Раздор между господином и госпожой Далаль теплился еще и следующим утром, когда команда босоногих рабочих явилась устанавливать раковину. Проведя ночь в беспокойном хождении туда-сюда по квартире, господин Далаль решил поставить одну раковину в своей квартире, а другую — на лестнице, на площадке первого этажа.
— И тогда все смогут ею пользоваться, — объяснял он, обходя соседей.
Жильцы были в восторге; много лет они чистили зубы, полоща рот налитой в чашку водой из бочки.
Тем временем господин Далаль думал: раковина на лестнице, безусловно, произведет впечатление на посетителей. Теперь, когда он стал управляющим, кто знает, каких гостей ему следует ожидать?

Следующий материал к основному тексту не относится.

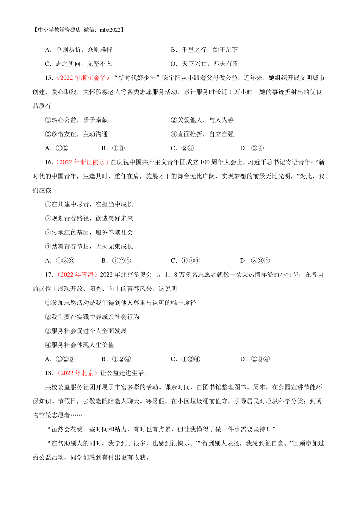 如果你想下载专题11 勇担社会责任(第02期)-2022年中考道德与法治真题分项汇编(全国通用)(原卷版)DOC或PDF版,请点击本文末链接!

Рабочие корпели над установкой несколько часов. Бегали вверх-вниз по лестнице и ели свой обед, присев на корточки возле перил. Стучали, орали, плевали и сквернословили. Вытирали пот концами тюрбанов. Одним словом, убирать лестницу в этот день было невозможно.
Чтобы убить время, Бури-Ма удалилась на крышу. Она шаркала вдоль парапета, но бока болели после ночи, проведенной на газетах. Обозрев горизонт со всех четырех сторон, она разорвала то, что осталось от ее одеял, на несколько тряпок и вознамерилась позже надраить ими перила.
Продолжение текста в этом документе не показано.